La valutazione approfondita. Nei casi in cui dalla valutazione preliminare emergano elementi di rischi il datore di lavoro è tenuto a procedere immediatamente alla pianificazione e all’adozione degli opportuni interventi correttivi. Ad esempio, potrà trattarsi di interventi organizzativi, tecnici, procedurali, comunicativi, formativi. Se anche tali interventi correttivi dovessero risultare inefficaci, il datore di lavoro dovrà procedere alla successiva fase cosiddetta di valutazione approfondita, già prevista (quanto ai tempi) in sede di pianificazione degli interventi successivi alla valutazione preliminare. La valutazione approfondita, spiegano le istruzioni della Commissione, deve prevedere la valutazione della percezione soggettiva dei lavoratori. È possibile utilizzare differenti strumenti quali questionari, focus group, interviste semi-strutturate, tutti incentrati sempre sulle tre famiglie di indicatori. Tale fase di indagine deve far riferimento ai gruppi omogenei di lavoratori rispetto ai quali sono state rilevate le problematiche. Nelle aziende di grandi dimensioni può essere realizzata anche tramite un campione rappresentativo di lavoratori (si veda tabella).
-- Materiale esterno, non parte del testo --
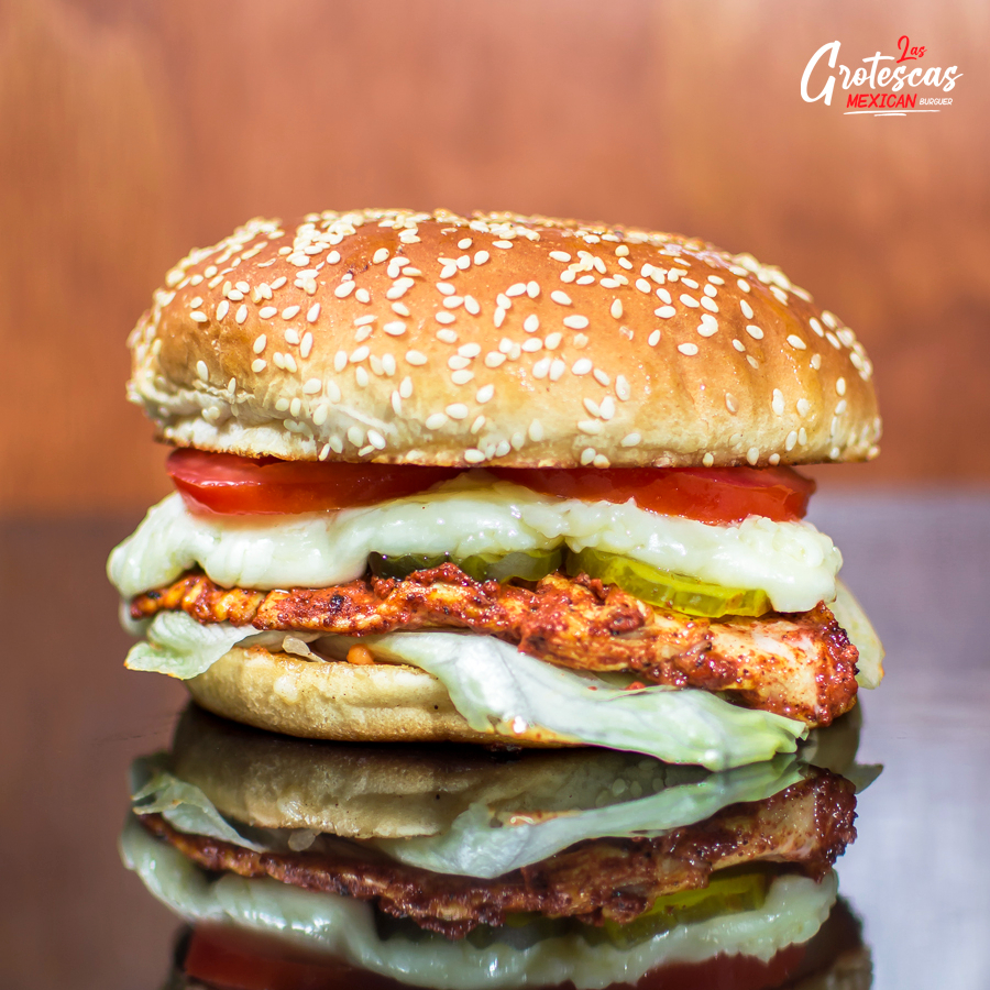 Pollo marinado a la plancha, aderezo mil islas, queso asadero, chile jalapeño, pepinillos, lechuga y jitomate.
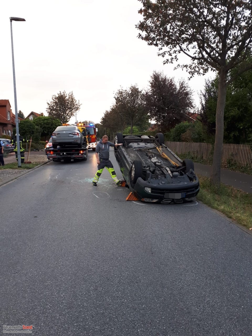 Nach einem Verkehrsunfall ist ein Pkw auf dem Dach liegen geblieben. Ersten Informationen zu Folge sollte der Pkw auch brennen, dies bestätigte sich glücklicherweise nicht. Die Person hatte bei unserem Eintreffen den Pkw bereits verlassen und konnte an den Rettungsdienst übergeben werden.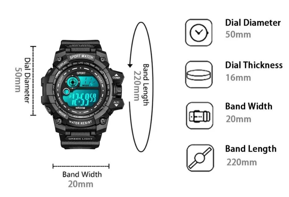 送料無料 未使用品  ブラック デジタルウォッチ メンズ腕時計 スポーツ防水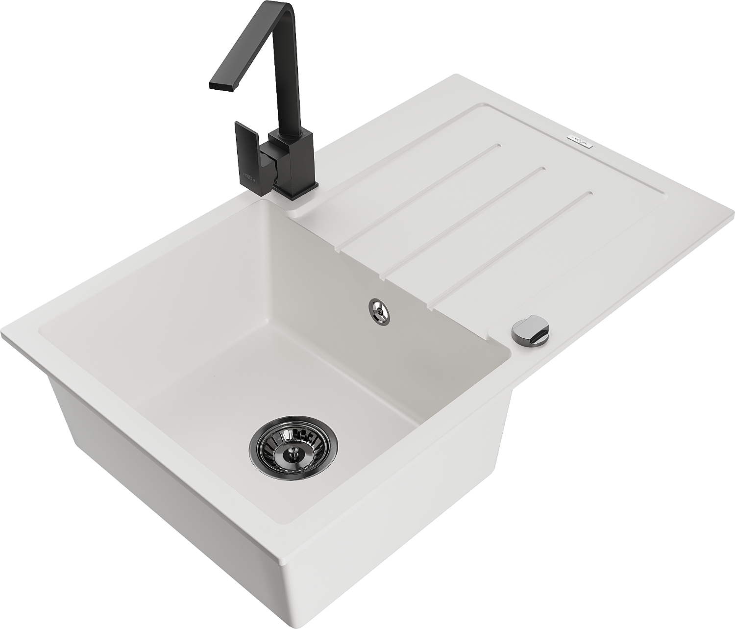 Mexen Bruno egymedencés gránit mosogató csepegtetővel és Rita konyhai csapteleppel, fehér - 6513-20-670300-70

La validità della valutazione. Il manuale dell’Inail fa notare che le indicazioni della commissione consultiva non riportano alcun termine di validità della valutazione del rischio, rimandando logicamente alla previsione normativa del Tu sicurezza che, sul punto, stabilisce che la valutazione dei rischi deve essere immediatamente rielaborata in occasione di modifiche del processo produttivo o dell’organizzazione del lavoro che risultino significative ai fini della salute e sicurezza dei lavoratori oppure in relazione al grado di evoluzione della tecnica, della prevenzione o della protezione o a seguito di infortuni significativi o quando i risultati della sorveglianza sanitaria ne evidenzino la necessità. Alla luce di tali indicazioni secondo l’Inail si può ragionevolmente ritenere corretta una nuova valutazione trascorsi due/tre anni dall’ultima effettuata.
Sanzioni pesanti, fino all’arresto. Il regime sanzionatorio è sufficientemente punitivo: non effettuare la valutazione dei rischi, oppure adottare il documento sulla valutazione dei rischi senza gli elementi essenziali (tra cui quello sullo stress) comporta a carico del datore di lavoro l’applicazione della sanzione dell’arresto da 6 mesi a 1 anno e 6 mesi. A ciò si aggiunge che la redazione del documento di valutazione non rispondente alle prescrizioni di legge è punita con un’ammenda da 3 mila a 9 mila euro. Ancora, la mancata custodia del documento di valutazione presso l’unità produttiva a cui si riferisce è punita (stavolta la pena è anche a carico del dirigente) con la sanzione amministrativa pecuniaria da 2,5 mila a 10 mila euro. Infine, si ricorda che l’inadempimento della valutazione dei rischi, con relativa produzione del documento finale, a prescindere dalla dimensione aziendale, preclude all’impresa la possibilità di instaurare taluni contratti di lavoro. Per esempio, alle imprese che non abbiano effettuato la valutazione dei rischi è vietato stipulare il contratto di somministrazione di lavoro. Parimenti è stato per il contratto di lavoro intermittente.